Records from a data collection
**********
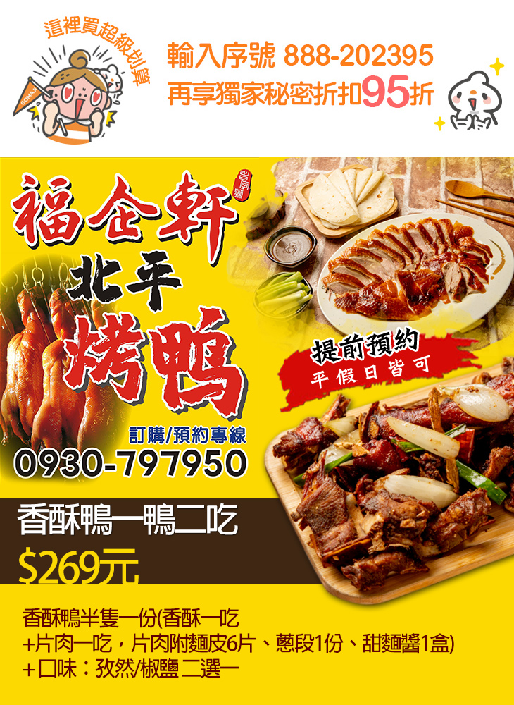 【福企軒北平烤鴨】感謝麻吉們熱烈搶購,已全數賣光光。
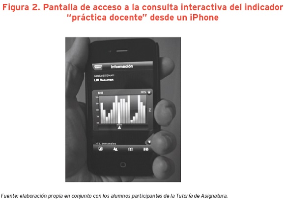 El tipo de consulta es interactivo, es decir, no son pantallas estáticas de información sino que el usuario puede "interactuar" con la información deslizando su mano sobre el dispositivo para seleccionar el nivel de detalle que le interesa, ya sea sobre la asistencia, puntualidad o el indicador "práctica docente". La consulta consiste en un gráfico de barras, en donde cada columna representa el promedio semanal del indicador "práctica docente" de todos los cursos para la unidad de análisis; en la figura 2, la unidad de análisis es el programa "Relaciones industriales". Esta consulta permite realizar un seguimiento por semana del porcentaje general del indicador "práctica docente". En cada consulta puede compararse el valor del indicador de la semana actual con las semanas que han transcurrido del semestre. Una de las principales ventajas de esta consulta de información, es que da la oportunidad al tomador de decisiones, ya sea un coordinador de programa, director de departamento o de división, conocer de inmediato las desviaciones en los indicadores y entrar al nivel de detalle requerido para intervenir. Por ejemplo si un usuario detecta un decremento en el indicador "práctica docente", del 88% al 72%, puede modificar su nivel de detalle para consultar el indicador por materia o profesor, para identificar aquellos elementos que están impactando negativamente en los indicadores generales y tener oportunidad de llevar a cabo acciones, tales como entrevista con profesores o alumnos sobre aspectos particulares del desempeño del profesor. Adicionalmente, el grupo de alumnos tutorados diseñó consultas semanales de manera independiente para cada aspecto del indicador "práctica docente" como asistencia, puntualidad, contenidos, estrategias de aprendizaje y relación interpersonal.
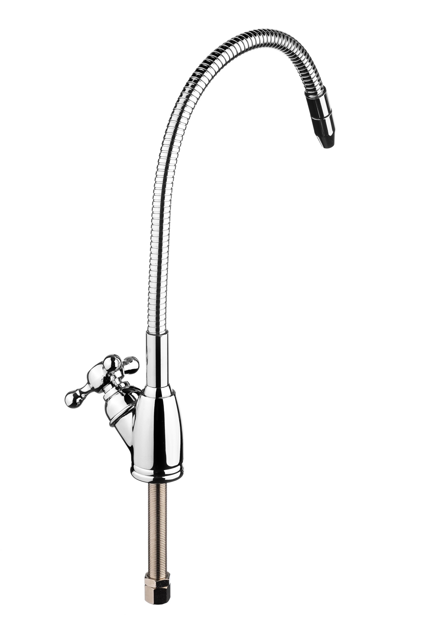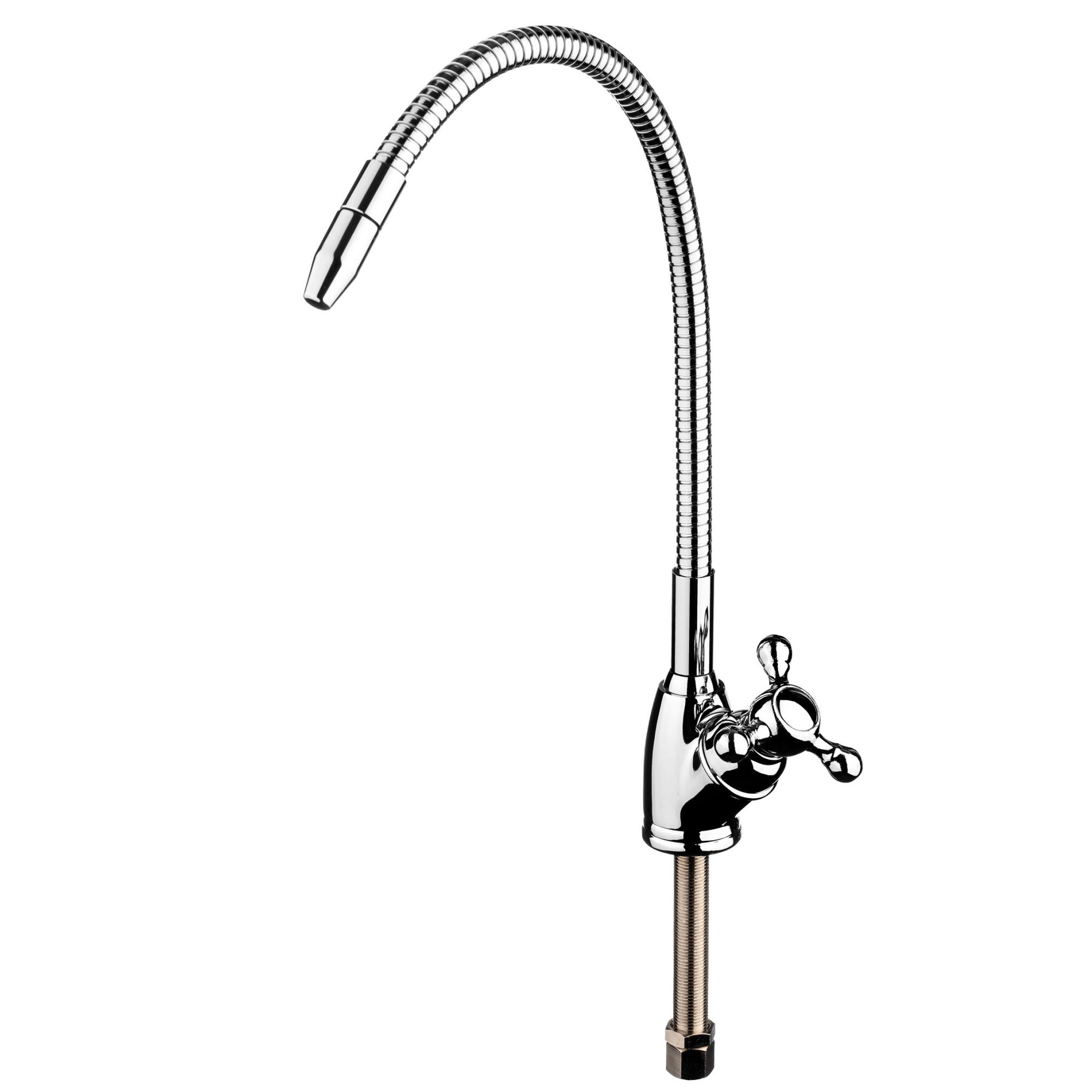 Кран изготовлен из современных экологически безопасных материалов с нанесением особо прочного хромированного покрытия и рассчитан на работу с холодной водой. Он устанавливается на мойку или столешницу в любом удобном для эксплуатации месте. Кран №8 предназначен для использования в бытовых системах фильтрации для подачи чистой воды. Гибкий излив в металлической оплетке позволяет изменять наклон крана для подачи воды.
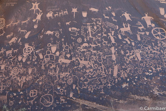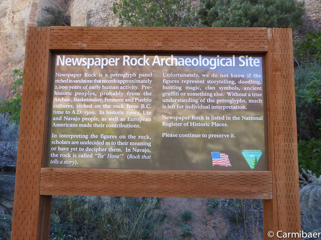 Unser erster Halt ist am Newspaper Rock State Historical Monument. Dort haben wir auch das richtige Licht erwischt, denn die Felszeichnungen liegen noch schön im Schatten und somit können wir sie gut ablichten.
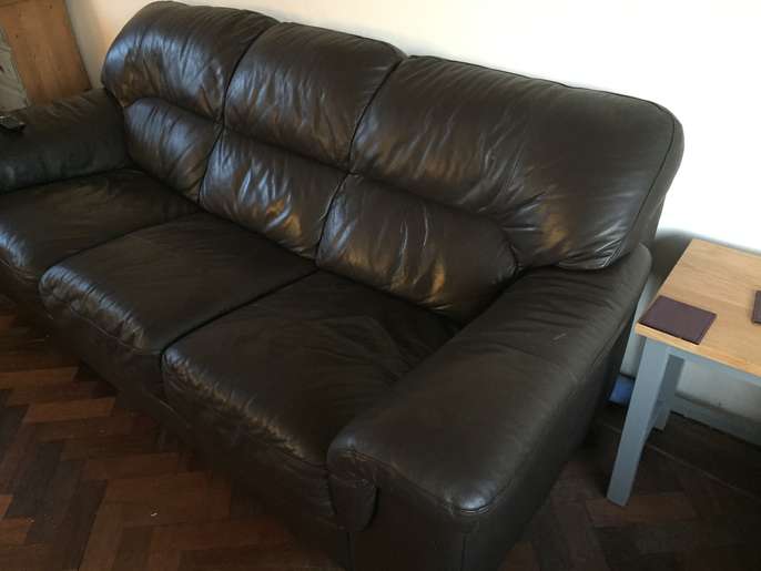 Brown Leather 3 seater sofa in good used condition. Does have a couple marks as expected for used item but no tears. Size - 200cm length 96cm depth 79cm height From a smoke & pet free home
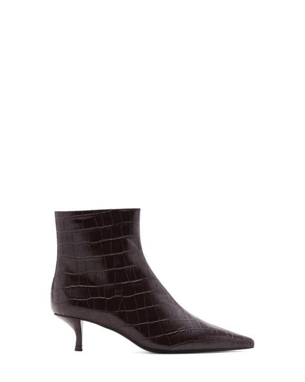 Allover croc embossing enhances the luxe style of this pointy-toe bootie that's the perfect way to elevate any look. Color: brown
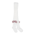 Aceste dresuri albe sunt realizate din material moale si confortabil, perfecte pentru a oferi caldura si eleganta in sezonul rece. Fundita roz aplicata pe lateral adauga un detaliu delicat si rafinat, transformandu-le intr-un accesoriu chic pentru orice tinuta.
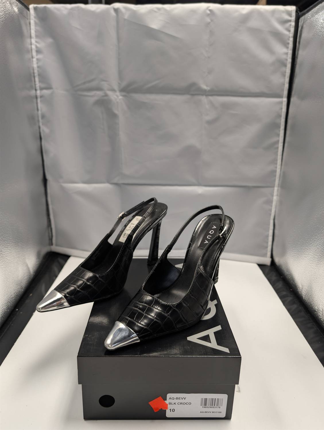 Don't be deceived, these heels are comfy as can be. The Bevv slingback pumps by Aqua feature a leather upper, polyurethane lining, and synthetic sole. These heeled pumps have a pointed toe and showcase a croc effect.
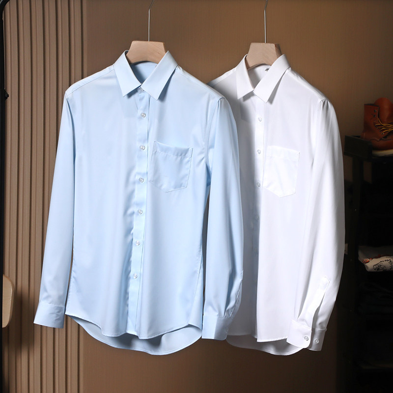 柜799 免熨烫 天丝混纺 丝滑垂顺春季基础商务纯色长袖衬衫衬衣男
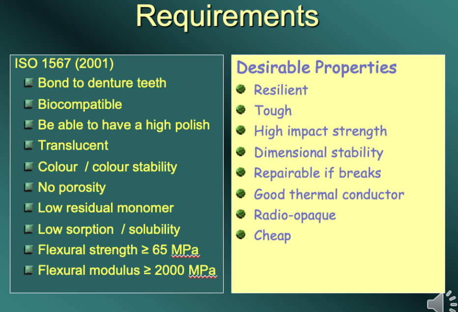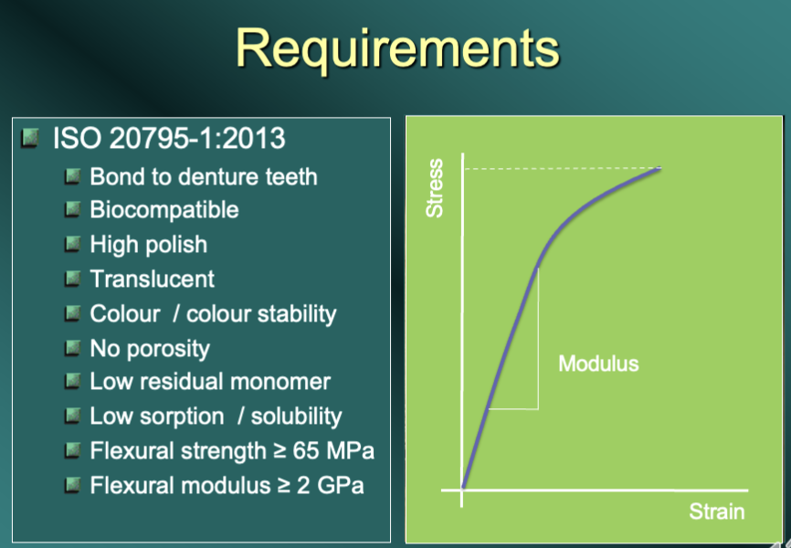 Looking back at the standards however, we can see there are several properties that are not included that would be desirable as well as resilience and toughness. Dentures are frequently dropped, so a high impact strength is desirable, and since dentures frequently break then it would be an advantage if they could be repaired rather than replaced. As dentures frequently cover large surfaces intra-orally then it may be nice if they could conduct heat to give the patient more awareness of what they are about to swallow. Talking of swallowing, small dentures or parts of dentures sometimes are swallowed, or inhaled, and so it would be an advantage if they were made of a material that could be identified on a radiograph
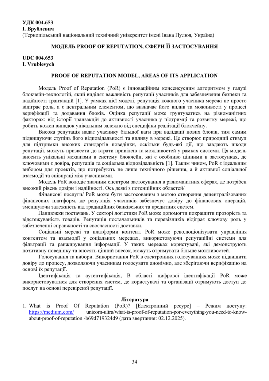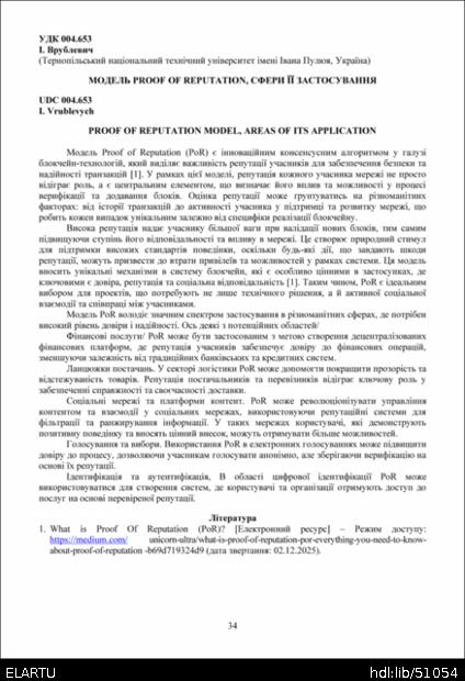 | Bibliographic citation (APA): | Vrublevych, I. (2025). Model proof of reputation, sfery yii zastosuvannia [Proof of reputation model, areas of its application]. Materials of the ⅩⅢ Scientific and Technical Conference “Information Models, Systems, and Technologies”, 17-18 December 2025, Ternopil, 34. TNTU. [in Ukrainian]. |
**********
§ Exercise objective
Your answer is the exact run of lines above from the one with "Unser erster Halt" through the one with "柜799 免熨烫 天丝混纺 丝滑垂顺春季基础商务纯色长袖衬衫衬衣男", both ends included, minus any picture.

§ Written solution
 Unser erster Halt ist am Newspaper Rock State Historical Monument. Dort haben wir auch das richtige Licht erwischt, denn die Felszeichnungen liegen noch schön im Schatten und somit können wir sie gut ablichten.
 Brown Leather 3 seater sofa in good used condition. Does have a couple marks as expected for used item but no tears. Size - 200cm length 96cm depth 79cm height From a smoke & pet free home
 Allover croc embossing enhances the luxe style of this pointy-toe bootie that's the perfect way to elevate any look. Color: brown
 Aceste dresuri albe sunt realizate din material moale si confortabil, perfecte pentru a oferi caldura si eleganta in sezonul rece. Fundita roz aplicata pe lateral adauga un detaliu delicat si rafinat, transformandu-le intr-un accesoriu chic pentru orice tinuta.
 Don't be deceived, these heels are comfy as can be. The Bevv slingback pumps by Aqua feature a leather upper, polyurethane lining, and synthetic sole. These heeled pumps have a pointed toe and showcase a croc effect.
 柜799 免熨烫 天丝混纺 丝滑垂顺春季基础商务纯色长袖衬衫衬衣男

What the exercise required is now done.